Task> Reproduce the whole of the records exactly, and make sure no picture is carried into the result.

Records for the exercise>
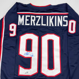 Autographed/Signed Elvis Merzlikins Columbus Blue Hockey Jersey Beckett BAS COA
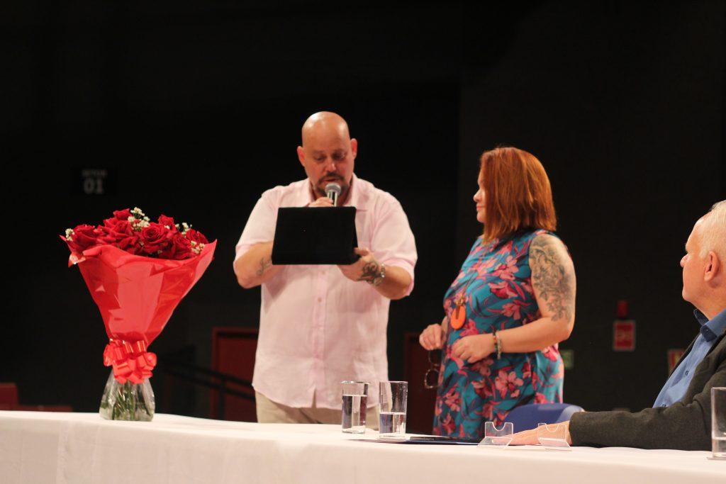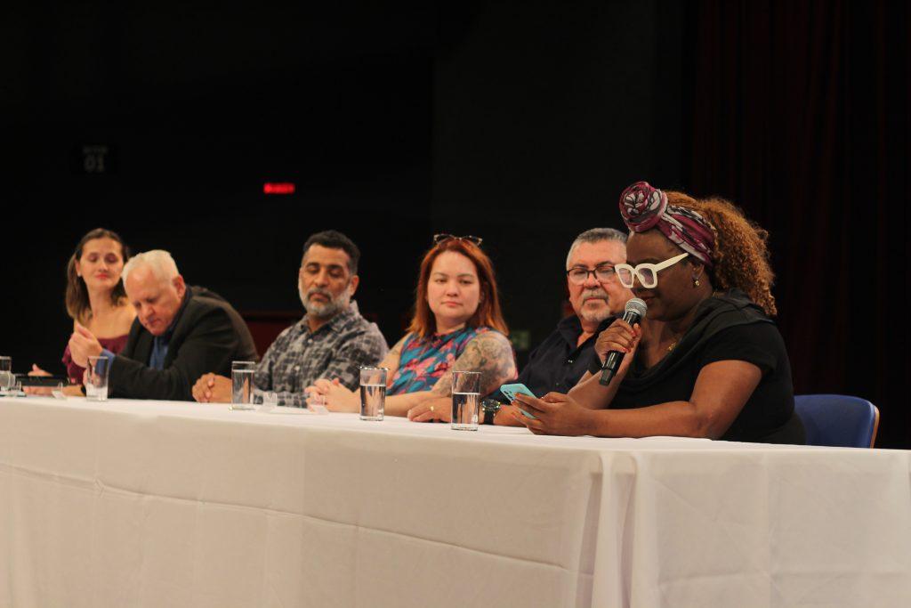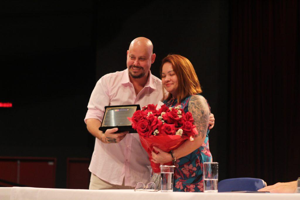 A primeira a falar foi Rafaela Gomes, dirigente da FETEC. Ela afirmou a importância do momento que a categoria vivenciava, com a posse de Fabiana. “Fabi tem uma grande trajetória na defesa dos interesses da categoria, é a pessoa certa para trabalhar certo dentro do Conselho”, disse.
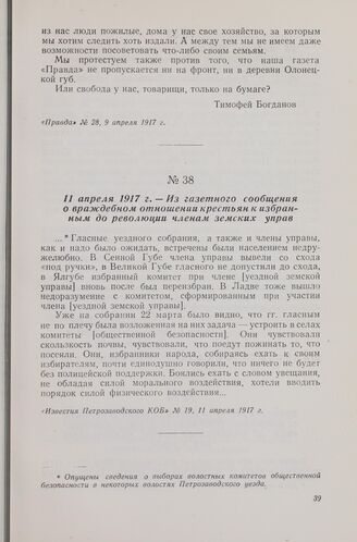 11 апреля 1917 г. — Из газетного сообщения о враждебном отношении крестьян к избранным до революции членам земских управ
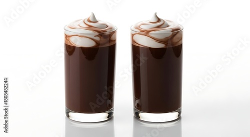 chocolate, drink, beverage, glasses, whipped cream, dessert, sweet, refreshment, treat, indulgence, cocoa, mocha, latte, hot drink, cream, froth, delicious, tasty, isolated, white background, studio shot, closeup, food, liquid, cold, hot, caffeine, sugar, epicure, presentation, style, luxury, minimalist, modern, elegant, still life, nourishment, energy, favor, aroma
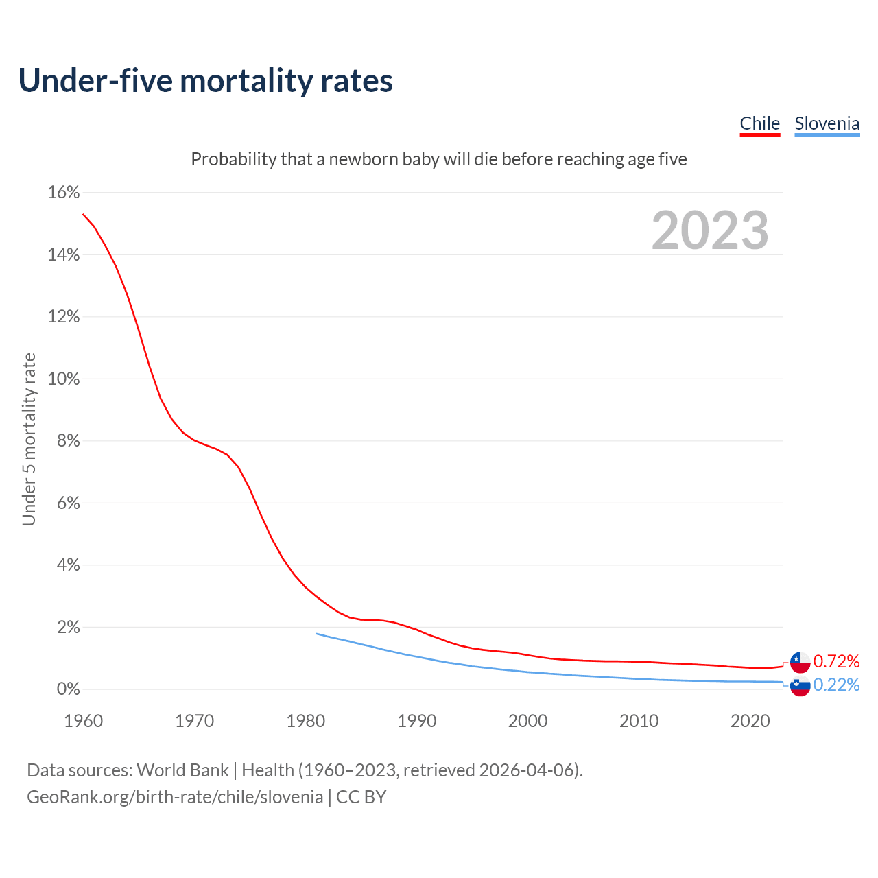 The chance that a newborn baby will die before reaching age five is 0.72% in Chile and 0.22% in Slovenia. Above is a chart with historical data on under-five mortality rates.
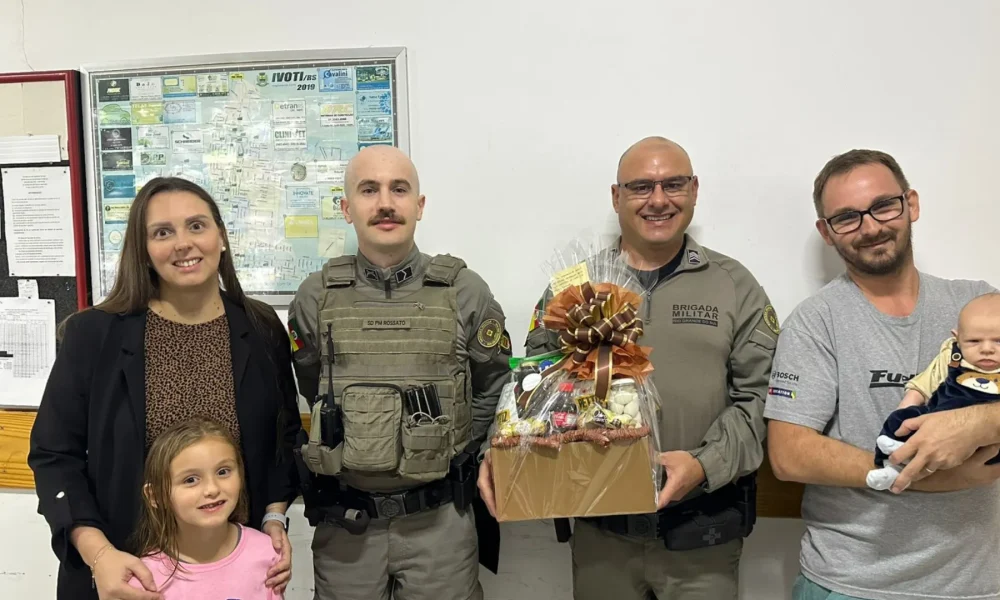 IVOTI – Uma ocorrência de emergência mobilizou a Brigada Militar na última sexta-feira, dia 17 de abril, e teve um desfecho positivo graças à rápida atuação dos policiais. Nesta terça-feira (21), em reconhecimento ao atendimento, a família do bebê retornou ao quartel da corporação para entregar um presente aos agentes envolvidos no salvamento — levando consigo o bebê, que passa bem.

Answer box>
 Autographed/Signed Elvis Merzlikins Columbus Blue Hockey Jersey Beckett BAS COA
 A primeira a falar foi Rafaela Gomes, dirigente da FETEC. Ela afirmou a importância do momento que a categoria vivenciava, com a posse de Fabiana. “Fabi tem uma grande trajetória na defesa dos interesses da categoria, é a pessoa certa para trabalhar certo dentro do Conselho”, disse.
 11 апреля 1917 г. — Из газетного сообщения о враждебном отношении крестьян к избранным до революции членам земских управ
 chocolate, drink, beverage, glasses, whipped cream, dessert, sweet, refreshment, treat, indulgence, cocoa, mocha, latte, hot drink, cream, froth, delicious, tasty, isolated, white background, studio shot, closeup, food, liquid, cold, hot, caffeine, sugar, epicure, presentation, style, luxury, minimalist, modern, elegant, still life, nourishment, energy, favor, aroma
 The chance that a newborn baby will die before reaching age five is 0.72% in Chile and 0.22% in Slovenia. Above is a chart with historical data on under-five mortality rates.
 IVOTI – Uma ocorrência de emergência mobilizou a Brigada Militar na última sexta-feira, dia 17 de abril, e teve um desfecho positivo graças à rápida atuação dos policiais. Nesta terça-feira (21), em reconhecimento ao atendimento, a família do bebê retornou ao quartel da corporação para entregar um presente aos agentes envolvidos no salvamento — levando consigo o bebê, que passa bem.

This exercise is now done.